- Cherry Grove Location of Cherry Grove in Alberta
- Coordinates: 54°21′N 110°04′W﻿ / ﻿54.350°N 110.067°W
- Country: Canada
- Province: Alberta
- Region: Central Alberta
- Census division: 12
- Municipal district: M.D. of Bonnyville No. 87
- Elevation: 550 m (1,800 ft)

Population (2014)
- • Total: 405
- Time zone: UTC−06:00 (Alberta Time)
- Postal code span: T0A 0T0
- Area code: 780
- NTS Map: 073L08

= Cherry Grove, Alberta =

Cherry Grove is a hamlet in central Alberta, Canada within the Municipal District of Bonnyville No. 87. It is 1 km north of Highway 55, approximately 12 km southeast of Cold Lake.

== Community ==
Cherry Grove is a rural community serving the surrounding agricultural area. Community facilities include the Cherry Grove Community Hall, a community rink, and rodeo grounds operated by the Cherry Grove Agricultural Society. The community rink is maintained by local volunteers and is available for public use.
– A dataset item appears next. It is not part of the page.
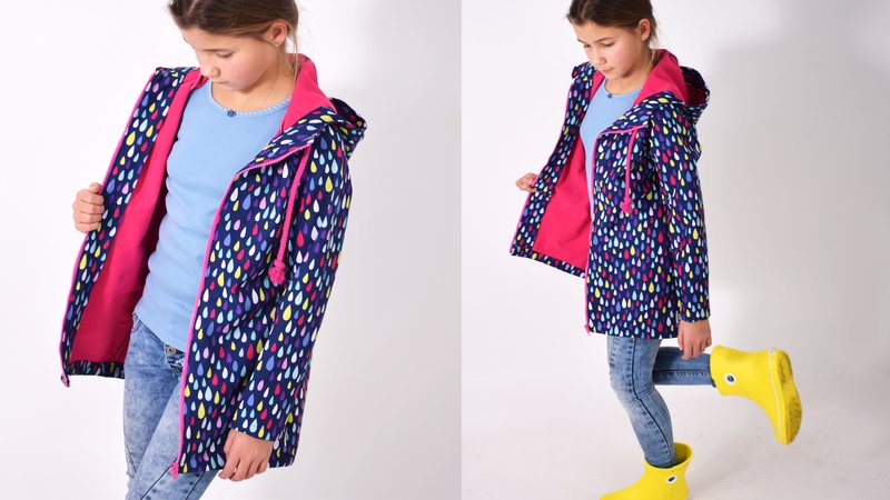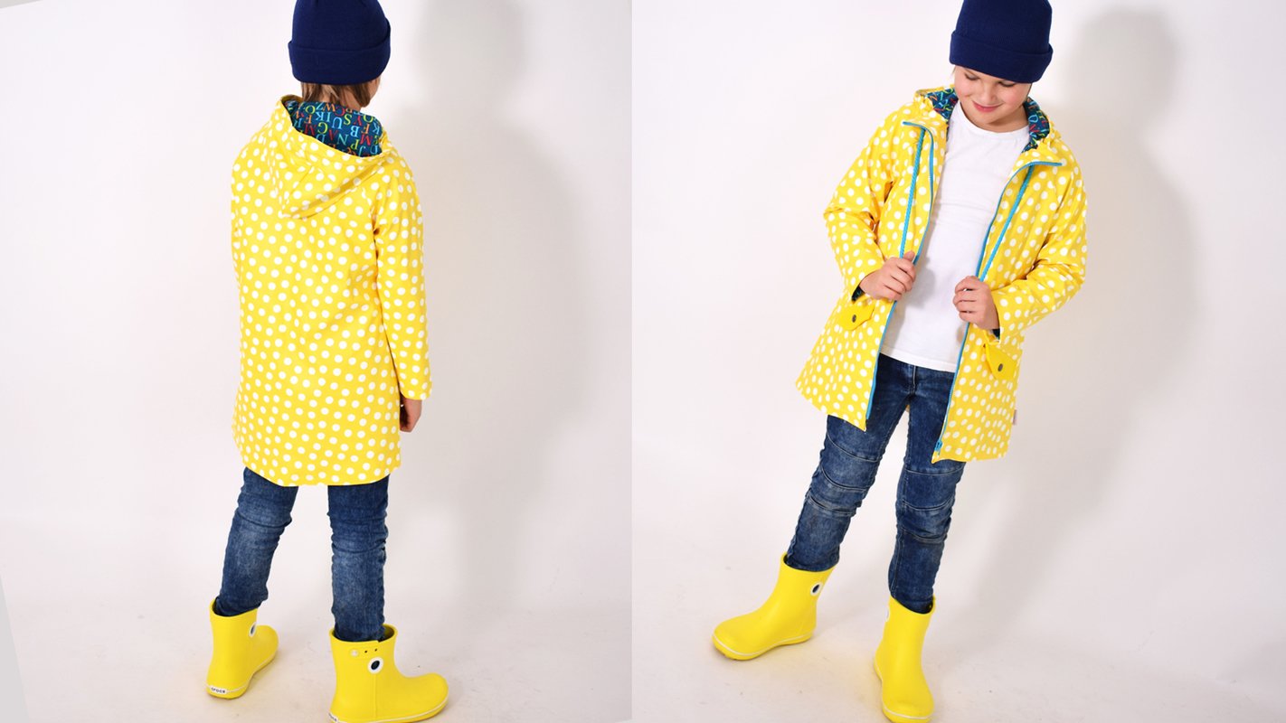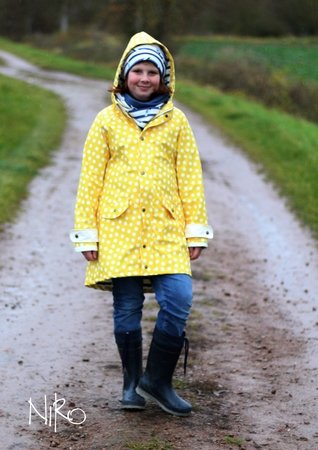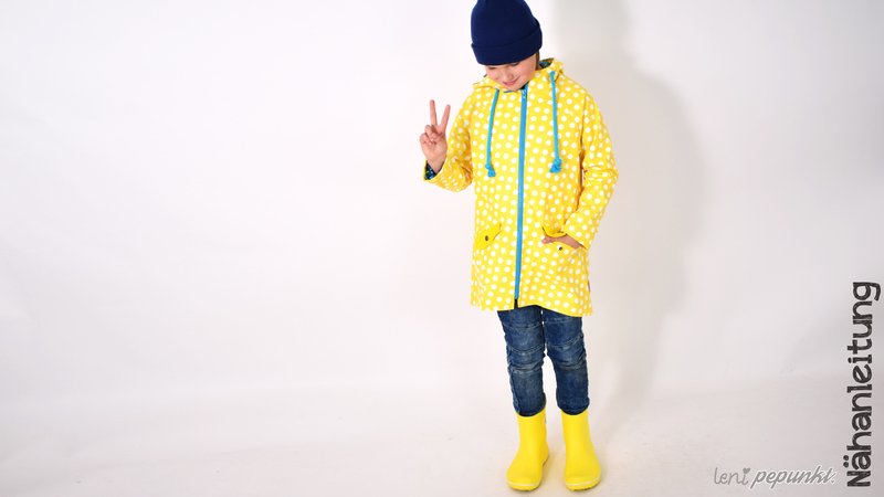 Die Friesen.liebe4kids ist ein klassischer Regenmantel für Kinder, der sehr einfach genäht ist und nur für den Einsatz der Knöpfe, Reißverschlüsse und Ösen etwas Geduld erfordert. Sie kann mit Riegeln an den Ärmeln versehen werden, mit einer Kordel durch die Kapuze und mit einer (Gummi-)kordel durch den Saum. Es kann eine Leiste angebracht werden, die den Reißverschluss verdeckt - und (klar!) können auch sämtliche Nähte mit einem Nahtband versehen werden, um die neue Lieblingsjacke so richtig regenfest zu machen! All das kann - nichts muss.
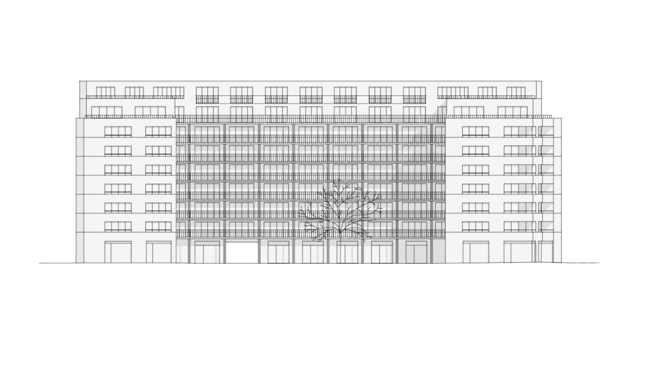 L’immeuble est constitué d’un rez- de-chaussée et de huit étages, dont deux en léger retrait. Ces retraits assurent la transition d’échelle entre le front de la route des Plaines- du-Loup et ses voisins. De grandes terrasses accompagnent l’orientation majeure des appartements dont la typologie traversante se tourne vers la nature.

The community hosts the annual Cherry Grove Lawn Tractor Races, organized by the Cherry Grove Agricultural Society. The event features multiple racing classes and family-oriented activities.

The hamlet is home to a congregation of The Church of Jesus Christ of Latter-day Saints.

The Bonnyville Regional Fire Authority operates Station 10 – Cherry Grove, which began emergency response operations on December 3, 2025. The station serves Cherry Grove and the surrounding area.

== History ==
On April 28, 2023, a fire destroyed the Cherry Grove meetinghouse of The Church of Jesus Christ of Latter-day Saints. Firefighters from several surrounding communities responded to the incident, which resulted in the building being declared a complete loss. The fire was investigated as suspicious by the Bonnyville Regional Fire Authority and the Royal Canadian Mounted Police.

A new meetinghouse was later completed, with the Cherry Grove congregation holding its first worship service in the new building in April 2026.

== Demographics ==
The population of Cherry Grove according to the 2014 municipal census conducted by the Municipal District of Bonnyville No. 87 is 405.